Research Paper Volume 11, Issue 19 pp 8139—8155

Hypermethylated long noncoding RNA MEG3 promotes the progression of gastric cancer

Lei Ding1, , Yuan Tian2, , Ling Wang3, , Miaomiao Bi4, , Dengke Teng5, , Sen Hong6, ,

  • 1 Department of Radiology, China-Japan Union Hospital of Jilin University, Changchun 130022, Jilin, China
  • 2 Department of Medical Examination, China-Japan Union Hospital of Jilin University, Changchun 130022, Jilin,China
  • 3 Department of Gynecology and Obstetrics, The Second Hospital of Jilin University, Changchun 130041, Jilin, China
  • 4 Department of Ophthalmology, China-Japan Union Hospital of Jilin University, Changchun 130022, Jilin, China
  • 5 Department of Ultrasonography, China-Japan Union Hospital of Jilin University, Changchun 130022, Jilin, China
  • 6 Department of Colorectal and Anal Surgery, The First Hospital of Jilin University, Changchun 130000, Jilin, China

Received: January 22, 2019       Accepted: September 21, 2019       Published: October 4, 2019
How to Cite

Copyright © 2019 Ding et al. This is an open-access article distributed under the terms of the Creative Commons Attribution License (CC BY 3.0), which permits unrestricted use, distribution, and reproduction in any medium, provided the original author and source are credited.
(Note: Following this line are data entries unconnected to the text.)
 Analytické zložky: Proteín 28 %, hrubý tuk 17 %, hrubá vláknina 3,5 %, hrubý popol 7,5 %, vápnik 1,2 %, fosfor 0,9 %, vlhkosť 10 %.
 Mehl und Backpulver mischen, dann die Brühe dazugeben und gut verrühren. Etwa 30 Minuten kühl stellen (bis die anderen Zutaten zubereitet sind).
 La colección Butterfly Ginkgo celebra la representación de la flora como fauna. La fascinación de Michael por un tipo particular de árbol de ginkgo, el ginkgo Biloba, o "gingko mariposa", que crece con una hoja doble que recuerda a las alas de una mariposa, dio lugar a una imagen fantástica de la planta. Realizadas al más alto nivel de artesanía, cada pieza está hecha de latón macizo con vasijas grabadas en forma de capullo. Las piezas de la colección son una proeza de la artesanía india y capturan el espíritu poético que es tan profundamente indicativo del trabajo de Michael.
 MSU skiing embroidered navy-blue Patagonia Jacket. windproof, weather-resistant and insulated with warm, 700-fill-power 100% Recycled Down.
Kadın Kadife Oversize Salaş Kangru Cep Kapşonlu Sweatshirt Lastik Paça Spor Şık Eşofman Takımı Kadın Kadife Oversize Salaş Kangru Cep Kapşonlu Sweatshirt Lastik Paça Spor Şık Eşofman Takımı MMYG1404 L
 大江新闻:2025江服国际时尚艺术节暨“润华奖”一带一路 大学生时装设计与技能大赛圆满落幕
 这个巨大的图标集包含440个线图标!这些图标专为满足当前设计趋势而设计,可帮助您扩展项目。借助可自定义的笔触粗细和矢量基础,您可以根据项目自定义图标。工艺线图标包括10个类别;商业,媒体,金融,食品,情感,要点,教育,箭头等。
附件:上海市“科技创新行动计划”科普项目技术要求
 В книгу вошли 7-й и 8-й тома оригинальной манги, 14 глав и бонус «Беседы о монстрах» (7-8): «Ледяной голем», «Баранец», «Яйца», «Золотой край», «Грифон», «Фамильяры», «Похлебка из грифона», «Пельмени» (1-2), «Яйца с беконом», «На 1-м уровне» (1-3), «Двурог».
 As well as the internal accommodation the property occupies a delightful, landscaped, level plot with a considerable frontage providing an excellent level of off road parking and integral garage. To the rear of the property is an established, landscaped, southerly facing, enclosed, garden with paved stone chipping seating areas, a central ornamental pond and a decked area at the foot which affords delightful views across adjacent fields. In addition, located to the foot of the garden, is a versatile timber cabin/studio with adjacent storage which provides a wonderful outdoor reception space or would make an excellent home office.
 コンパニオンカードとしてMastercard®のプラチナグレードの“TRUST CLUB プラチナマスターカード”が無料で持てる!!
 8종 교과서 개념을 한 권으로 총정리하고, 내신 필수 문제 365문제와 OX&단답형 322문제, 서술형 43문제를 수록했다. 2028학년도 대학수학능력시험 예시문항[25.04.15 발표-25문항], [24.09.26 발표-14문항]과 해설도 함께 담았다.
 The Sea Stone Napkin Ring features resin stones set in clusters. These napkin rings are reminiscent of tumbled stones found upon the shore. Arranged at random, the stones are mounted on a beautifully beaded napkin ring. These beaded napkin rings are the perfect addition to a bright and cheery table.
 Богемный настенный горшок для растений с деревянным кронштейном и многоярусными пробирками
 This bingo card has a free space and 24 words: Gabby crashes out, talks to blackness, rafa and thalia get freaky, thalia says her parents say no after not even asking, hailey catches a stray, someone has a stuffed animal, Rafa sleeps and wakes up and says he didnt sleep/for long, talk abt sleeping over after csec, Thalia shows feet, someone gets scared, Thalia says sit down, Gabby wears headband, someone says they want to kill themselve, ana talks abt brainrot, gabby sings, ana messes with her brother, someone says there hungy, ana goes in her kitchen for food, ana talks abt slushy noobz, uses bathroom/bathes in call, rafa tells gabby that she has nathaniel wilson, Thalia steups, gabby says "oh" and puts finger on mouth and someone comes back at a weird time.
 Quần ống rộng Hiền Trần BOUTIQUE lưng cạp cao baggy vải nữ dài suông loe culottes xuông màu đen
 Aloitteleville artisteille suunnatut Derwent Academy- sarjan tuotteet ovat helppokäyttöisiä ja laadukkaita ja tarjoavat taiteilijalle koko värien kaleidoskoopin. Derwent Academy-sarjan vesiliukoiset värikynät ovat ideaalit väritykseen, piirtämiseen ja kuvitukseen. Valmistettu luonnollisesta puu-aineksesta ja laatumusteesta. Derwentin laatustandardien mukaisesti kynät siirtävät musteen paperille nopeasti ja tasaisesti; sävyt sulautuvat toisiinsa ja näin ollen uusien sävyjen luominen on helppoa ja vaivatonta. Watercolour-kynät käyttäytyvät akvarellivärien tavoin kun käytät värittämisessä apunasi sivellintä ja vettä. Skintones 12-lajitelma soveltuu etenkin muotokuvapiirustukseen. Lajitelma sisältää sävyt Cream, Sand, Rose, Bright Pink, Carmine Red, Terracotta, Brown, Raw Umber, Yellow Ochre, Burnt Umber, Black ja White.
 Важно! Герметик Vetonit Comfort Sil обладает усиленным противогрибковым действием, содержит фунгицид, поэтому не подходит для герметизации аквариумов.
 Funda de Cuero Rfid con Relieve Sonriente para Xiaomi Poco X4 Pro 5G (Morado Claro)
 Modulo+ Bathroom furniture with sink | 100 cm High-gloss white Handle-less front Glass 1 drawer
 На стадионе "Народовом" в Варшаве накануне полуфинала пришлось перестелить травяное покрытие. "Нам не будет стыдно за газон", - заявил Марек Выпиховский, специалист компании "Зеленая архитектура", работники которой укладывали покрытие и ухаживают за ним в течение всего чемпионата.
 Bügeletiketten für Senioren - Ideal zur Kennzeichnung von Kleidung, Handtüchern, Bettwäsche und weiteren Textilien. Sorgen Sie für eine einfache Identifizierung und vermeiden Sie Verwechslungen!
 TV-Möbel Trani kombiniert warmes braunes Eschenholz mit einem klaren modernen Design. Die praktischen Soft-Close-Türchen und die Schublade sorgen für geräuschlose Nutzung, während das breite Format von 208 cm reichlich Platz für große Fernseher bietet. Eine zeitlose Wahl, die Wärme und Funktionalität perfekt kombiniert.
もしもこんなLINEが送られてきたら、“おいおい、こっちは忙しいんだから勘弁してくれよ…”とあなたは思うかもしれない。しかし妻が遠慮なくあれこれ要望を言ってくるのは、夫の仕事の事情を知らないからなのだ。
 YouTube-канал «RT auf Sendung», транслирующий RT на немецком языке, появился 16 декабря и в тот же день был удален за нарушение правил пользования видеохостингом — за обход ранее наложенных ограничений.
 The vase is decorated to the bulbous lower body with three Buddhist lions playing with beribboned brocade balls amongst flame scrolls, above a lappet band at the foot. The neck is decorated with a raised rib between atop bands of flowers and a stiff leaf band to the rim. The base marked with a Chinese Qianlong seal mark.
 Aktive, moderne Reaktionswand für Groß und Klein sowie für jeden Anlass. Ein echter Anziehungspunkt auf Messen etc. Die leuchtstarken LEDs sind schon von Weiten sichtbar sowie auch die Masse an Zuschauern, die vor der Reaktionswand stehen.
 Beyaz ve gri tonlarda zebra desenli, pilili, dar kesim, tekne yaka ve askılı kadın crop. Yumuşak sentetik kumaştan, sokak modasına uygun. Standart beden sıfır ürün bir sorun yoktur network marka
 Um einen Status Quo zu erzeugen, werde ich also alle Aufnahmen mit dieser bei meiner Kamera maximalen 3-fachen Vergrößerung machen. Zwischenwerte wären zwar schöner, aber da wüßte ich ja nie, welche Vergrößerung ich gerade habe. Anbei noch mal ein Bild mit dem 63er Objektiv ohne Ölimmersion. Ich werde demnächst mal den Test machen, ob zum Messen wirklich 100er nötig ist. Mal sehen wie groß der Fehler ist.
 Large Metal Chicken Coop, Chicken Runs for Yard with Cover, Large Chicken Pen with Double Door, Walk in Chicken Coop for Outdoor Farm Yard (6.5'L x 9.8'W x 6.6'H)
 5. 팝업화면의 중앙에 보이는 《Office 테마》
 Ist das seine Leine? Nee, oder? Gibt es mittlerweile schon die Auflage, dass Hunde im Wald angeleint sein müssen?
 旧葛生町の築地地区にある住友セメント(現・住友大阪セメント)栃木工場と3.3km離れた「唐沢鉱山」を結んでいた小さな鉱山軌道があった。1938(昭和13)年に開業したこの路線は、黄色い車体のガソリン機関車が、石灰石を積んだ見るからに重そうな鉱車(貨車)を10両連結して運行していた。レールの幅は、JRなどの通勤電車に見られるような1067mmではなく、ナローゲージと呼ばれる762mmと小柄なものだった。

This study aims to explore the expression and degree of methylation of lncRNA MEG3 in gastric cancer tissues and to analyze its effect on the migration and proliferation of gastric cancer patients and the mechanism by which this occurs. The targeting relationship between MEG3, miR-181a-5p and ATP4B was detected through molecular biology experiments. Wound healing, transwell, colony formation and flow cytometry assays were used to analyze the effects of lncRNA MEG3 and methylation on tumor cell migration, invasion, proliferation and apoptosis. In addition, a tumor xenotransplantation model was established to study the influence of MEG3 on tumor growth in vivo. Bioinformatics analysis showed that lncRNA MEG3 and ATP4B were downregulated in gastric cancer tissues compared with normal tissues. Bioinformatics predicted that ATP4B might be regulated by targeting miR-181a-5p. The overexpression of MEG3 and the application of 5-Aza treatment inhibited the migration, invasion and proliferation of MGC-803 cells and promoted apoptosis. In gastric cancer tissues, MEG3 is hypermethylated to decrease expression. Once the expression of MEG3 is restored or methylation is inhibited, tumor growth can be inhibited both in vivo and in vitro. This finding could be utilized as a clinical reference for gastric cancer treatment in the future.


AML: acute myeloid leukemia; ANOVA: analysis of variance; CFR: clone formation rate; GC: gastric cancer; MEG3: maternally expressed gene 3; miR-181a-5p: MicroRNA-181a-5p; RPMI: Roswell Park Memorial Institute; RPMI1640: Roswell Park Memorial Institute1640.